Walsh has failed to meet either criterion in this case. First, it is undisputed that Detroit never awarded the contract to Walsh. Second, it is also undisputed that the City had discretion in awarding the contract. The advertisement for bids in this case explicitly provided that:

[T]he Owner expressly reserves the right to reject any and all Bids, waive any non-conformances, to issue post-Bid Addenda and re-Bid the Work without re-advertising, to re-advertise for Bids, to withhold the award for any reason the Owner determines and/or to take any other appropriate action.

PC-478, page 00030-1, Section 9. Thus, Walsh has failed to demonstrate that it has a protected property interest under the Due Process Clause.

CONCLUSION

For the reasons above, Walsh has failed to state a claim upon which relief can be granted.
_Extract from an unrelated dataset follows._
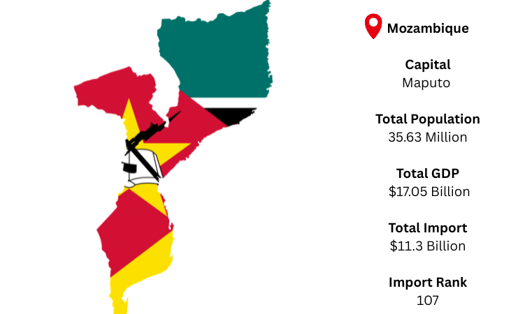 With Maputo as its capital, Mozambique is a developing nation on Africa's southeast coast with a GDP of about $17.05 billion (2024). Due to a lack of industrialization, the nation is heavily reliant on imports for manufactured products, food, gasoline, and machinery. It has a population of 35.63 million. In 2024, as per Mozambique import data, Mozambique’s overall imports reached USD 11.3 billion, demonstrating continuous growth fueled by infrastructural development and energy-related expenditures.

Therefore, Walsh’s motion for a temporary restraining order is DENIED and this case is DISMISSED under Fed. R.Civ.P. 12(b)(6).

IT IS SO ORDERED. 
      
      . The challenge is as to the procedures by which the Detroit Water and Sewerage Department (DWSD) awards contracts, which are subject to approval by the other named city defendants.
     
      
      . It is also noted that these letters predate this controversy by at least five months, and Walsh does not contend that the City has applied its interpretation inconsistently.
     
      
      . Walsh conceded that this is the case when it said in its reply brief in support of a motion for temporary restraining order that "[Section 18-5-2d.l] provides absolutely no language to support the comparison of bids by Detroit Businesses against each other.” (emphasis in original).
     
      
      . Walsh’s position would be greatly strengthened if the ordinance contained the exclusive language such as "the equalization percentage credits shall not be applied when comparing bids between Detroit-based businesses” or if the first sentence limited the application of the credits to "comparing bids between Detroit-based businesses and non-Detroit-based businesses.” However, the ordinance does not contain such exclusive language and I cannot read it into the ordinance.
     
      
      .Even though the ordinance provides different amount of credits for bids under $500,000.01 (See Detroit City Ordinance Section 18-5-2d.l), the $100 bid is only used as a hypothetical. If the bids were indeed around $100, different equalization percentages would apply.